*Work instruction*: Repeat all of the data below word for word, keeping no images.

Items listed in a dataset:
——

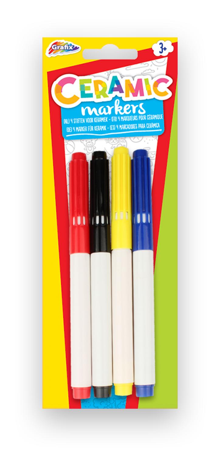 Markeerstiften. Vier stiften voor keramiek. Op de kaart zitten de kleuren geel, rood, blauw en zwart. Geschikt voor kinderen vanaf drie jaar.
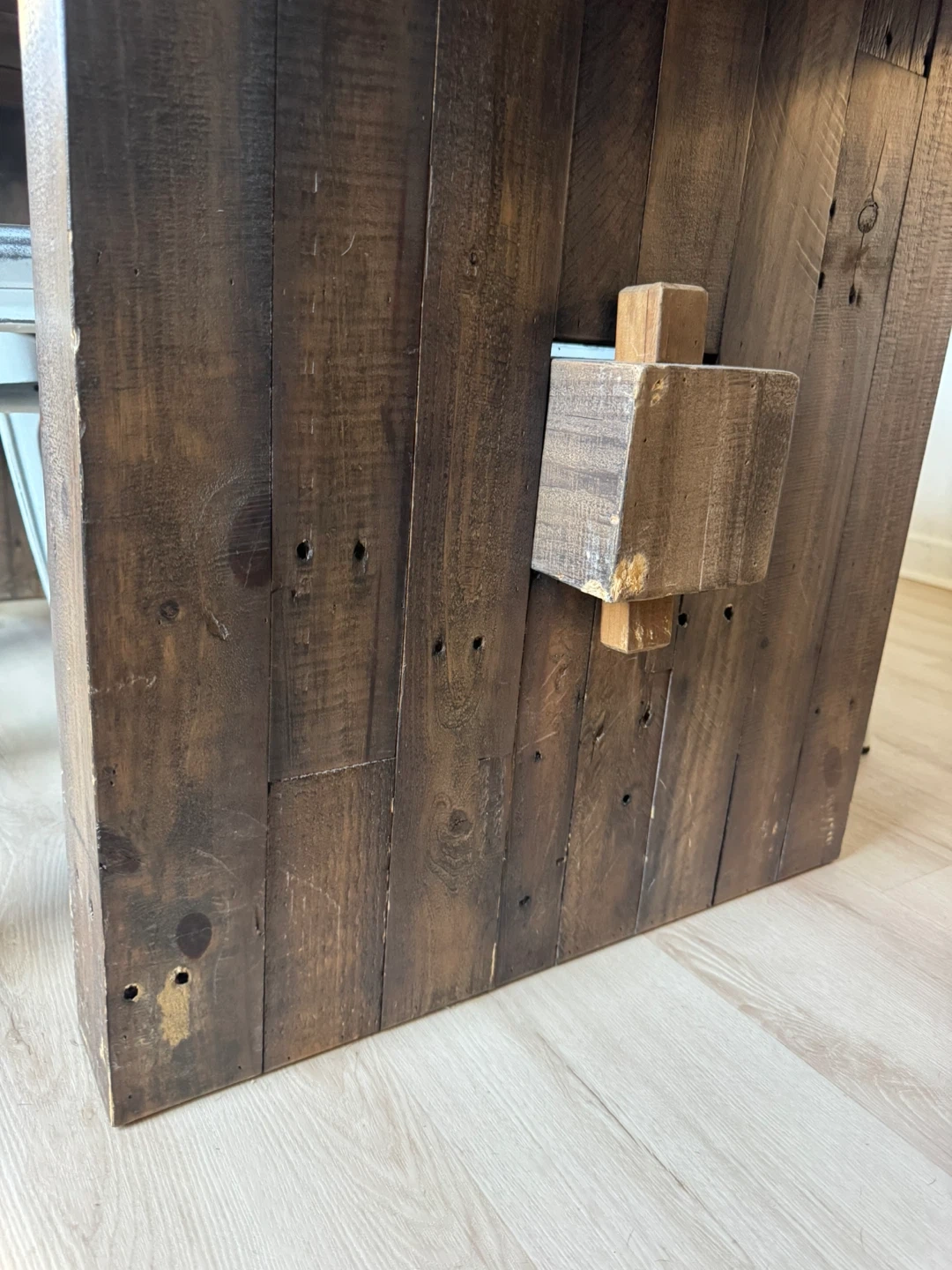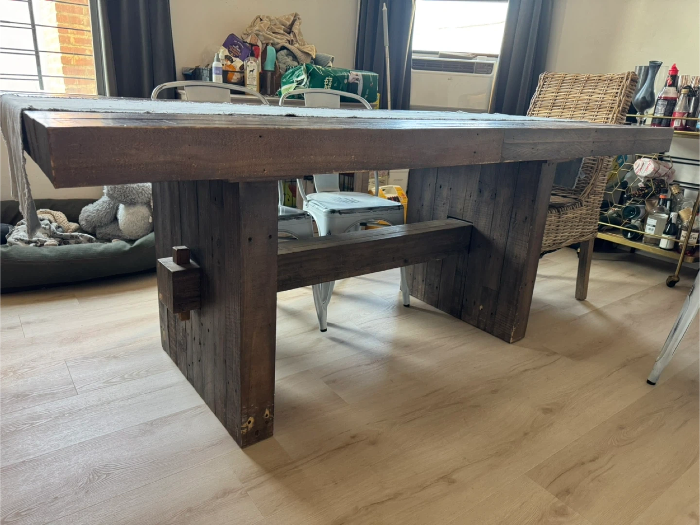 10Selling a rustic wooden dining table. It's a sturdy piece with a unique, weathered look that would be great for any dining room. The table has a solid wood construction with a visible wood grain and a naturally aged appearance. There are some signs of wear, which add to its rustic charm!
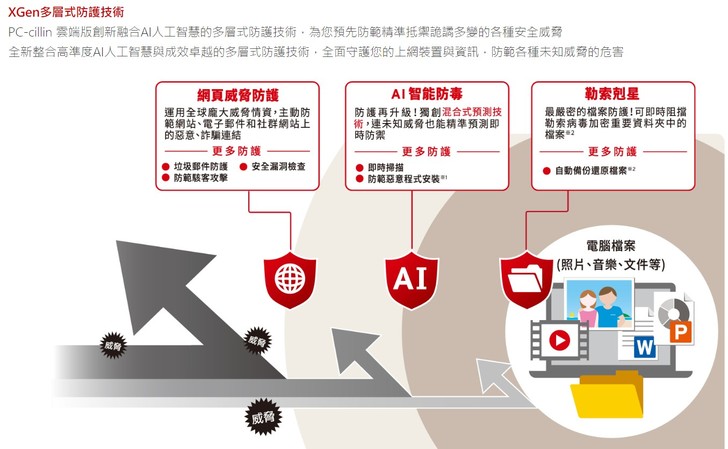 首先先來介紹2019年PC-cillin雲端版創新整合AI人工智慧,讓防毒軟體更加聰明靈活,畢竟人在成長,病毒也在成長,所以若有了人工智慧的加入,這樣就可以應付詭譎多變的病毒和惡意威脅
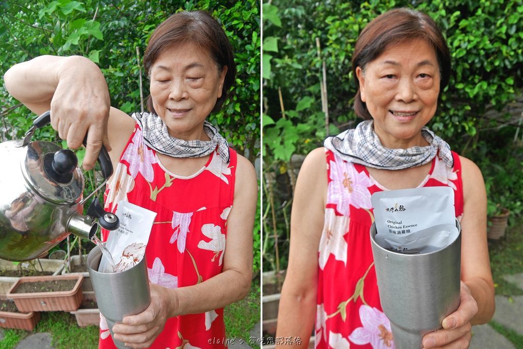 這天讓兩老先喝滴雞精後再準備早餐吃,果然精神變很好,一大早就在院子種花,下午也沒再睡午覺呢
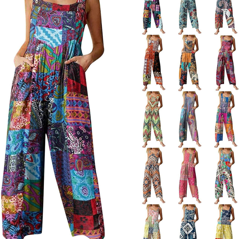 Overol de lino bohemio para mujer, diseño floral, holgado, con pechera de retaz
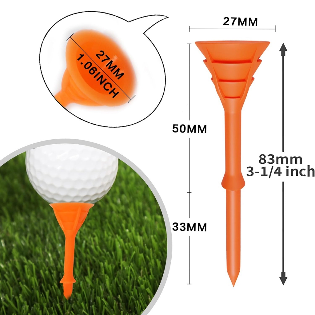Golf Tees Plastic 3 1/4 inch Unbreakable Upgraded Bulk 50 Pack Reduce Friction Side Spin Stable
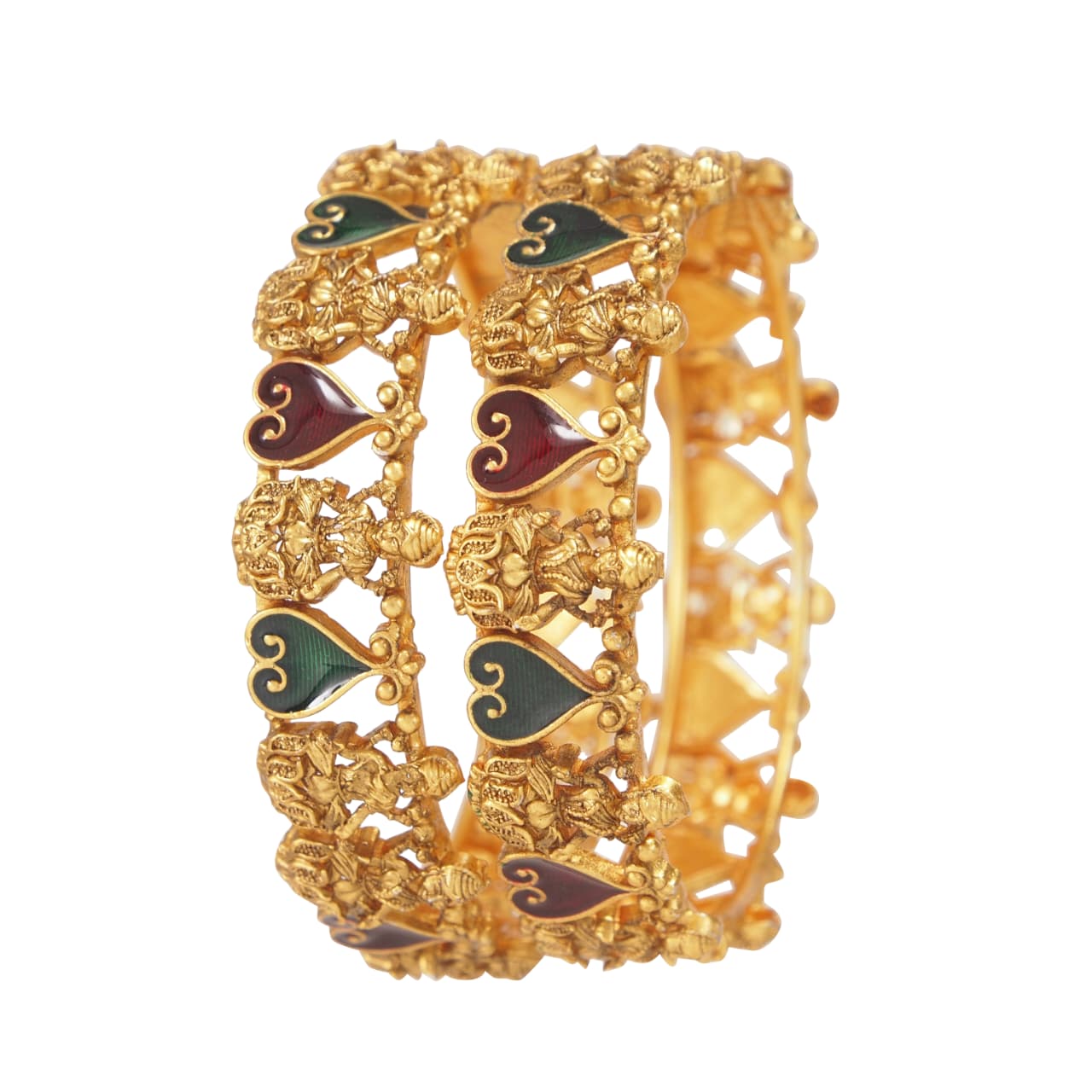 South Indian Lakshmi Temple Style Matte Gold Bangles with Red & Green Meenakari
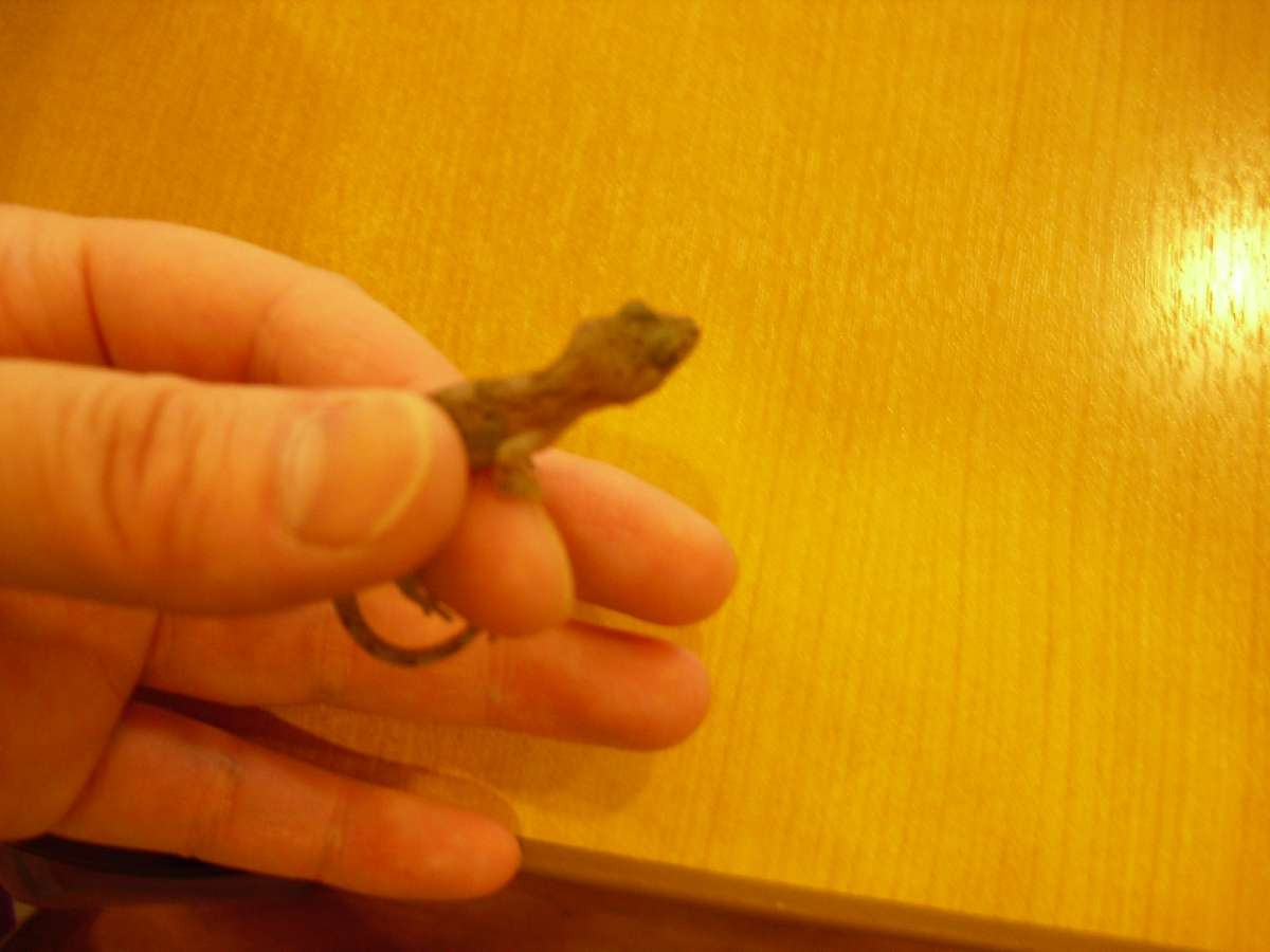 今日 収納庫をかたずけていたら、小さいヤモリを発見!!
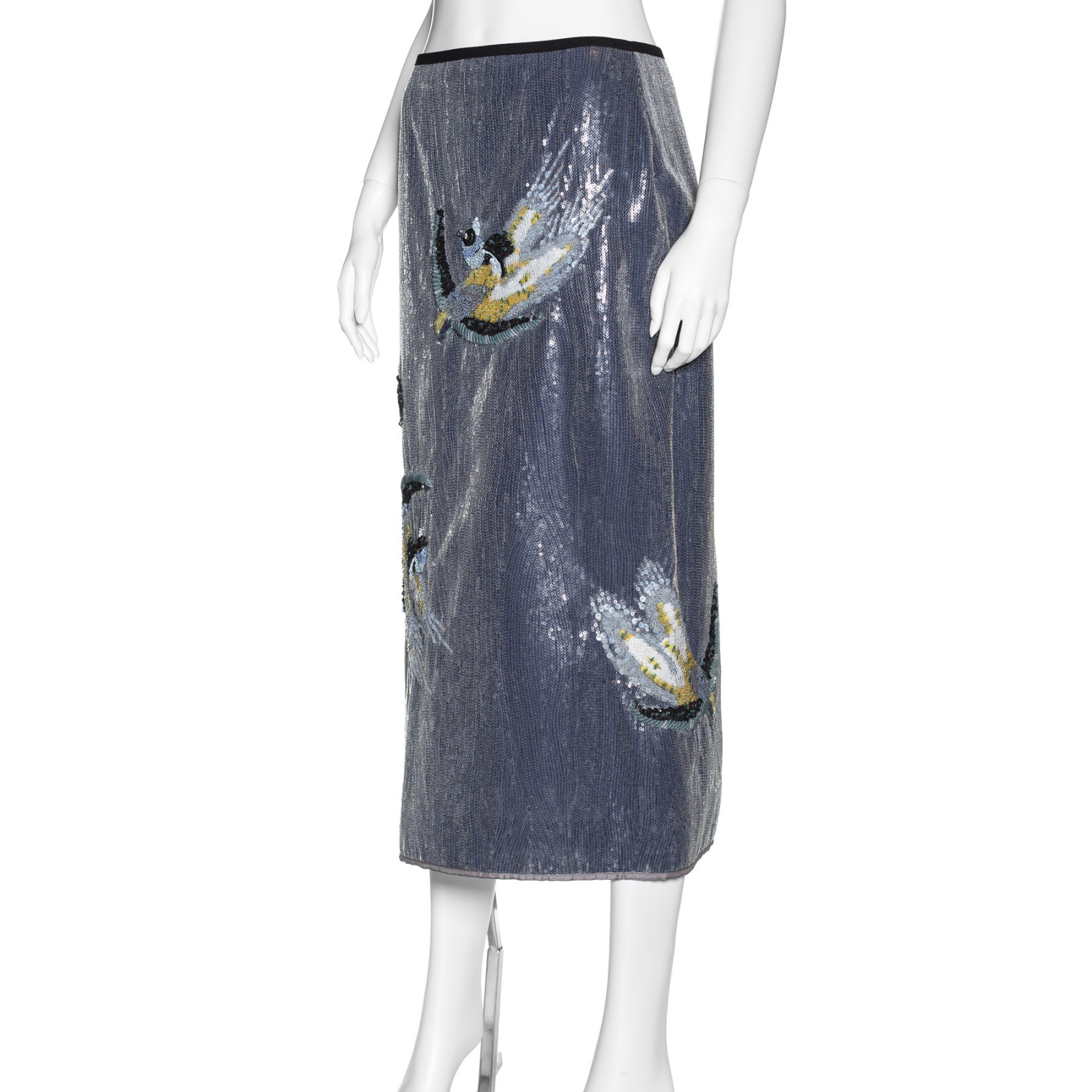 "Szara spódnica midi wyszywana cekinami. Haftowana w cekinowe ptaki. Rozmiar 38. Skład: 100% poliester, podszewka 100% jedwab. Wymiary: talia 37 cm., biodra 48 cm., długość 84 cm."
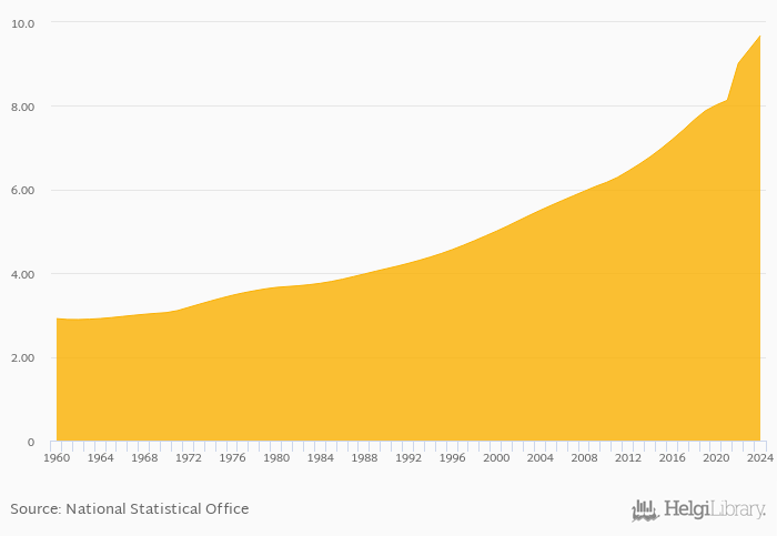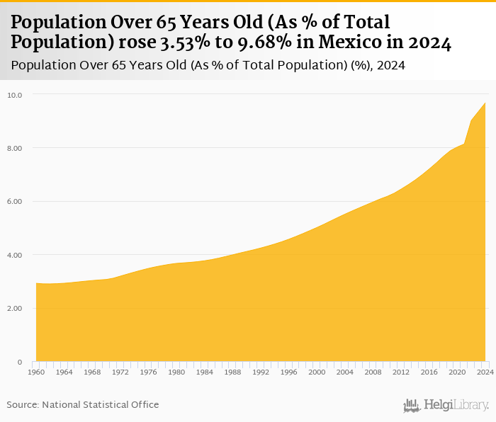 Population over 65 years old as a percentage of total population rose 3.53% to 9.68% in Mexico in 2024, according to the National Statistical Office.

——

*Output of the task*:
 Markeerstiften. Vier stiften voor keramiek. Op de kaart zitten de kleuren geel, rood, blauw en zwart. Geschikt voor kinderen vanaf drie jaar.
 10Selling a rustic wooden dining table. It's a sturdy piece with a unique, weathered look that would be great for any dining room. The table has a solid wood construction with a visible wood grain and a naturally aged appearance. There are some signs of wear, which add to its rustic charm!
 首先先來介紹2019年PC-cillin雲端版創新整合AI人工智慧,讓防毒軟體更加聰明靈活,畢竟人在成長,病毒也在成長,所以若有了人工智慧的加入,這樣就可以應付詭譎多變的病毒和惡意威脅
 這天讓兩老先喝滴雞精後再準備早餐吃,果然精神變很好,一大早就在院子種花,下午也沒再睡午覺呢
 Overol de lino bohemio para mujer, diseño floral, holgado, con pechera de retaz
Golf Tees Plastic 3 1/4 inch Unbreakable Upgraded Bulk 50 Pack Reduce Friction Side Spin Stable
 South Indian Lakshmi Temple Style Matte Gold Bangles with Red & Green Meenakari
 今日 収納庫をかたずけていたら、小さいヤモリを発見!!
 "Szara spódnica midi wyszywana cekinami. Haftowana w cekinowe ptaki. Rozmiar 38. Skład: 100% poliester, podszewka 100% jedwab. Wymiary: talia 37 cm., biodra 48 cm., długość 84 cm."
 Population over 65 years old as a percentage of total population rose 3.53% to 9.68% in Mexico in 2024, according to the National Statistical Office.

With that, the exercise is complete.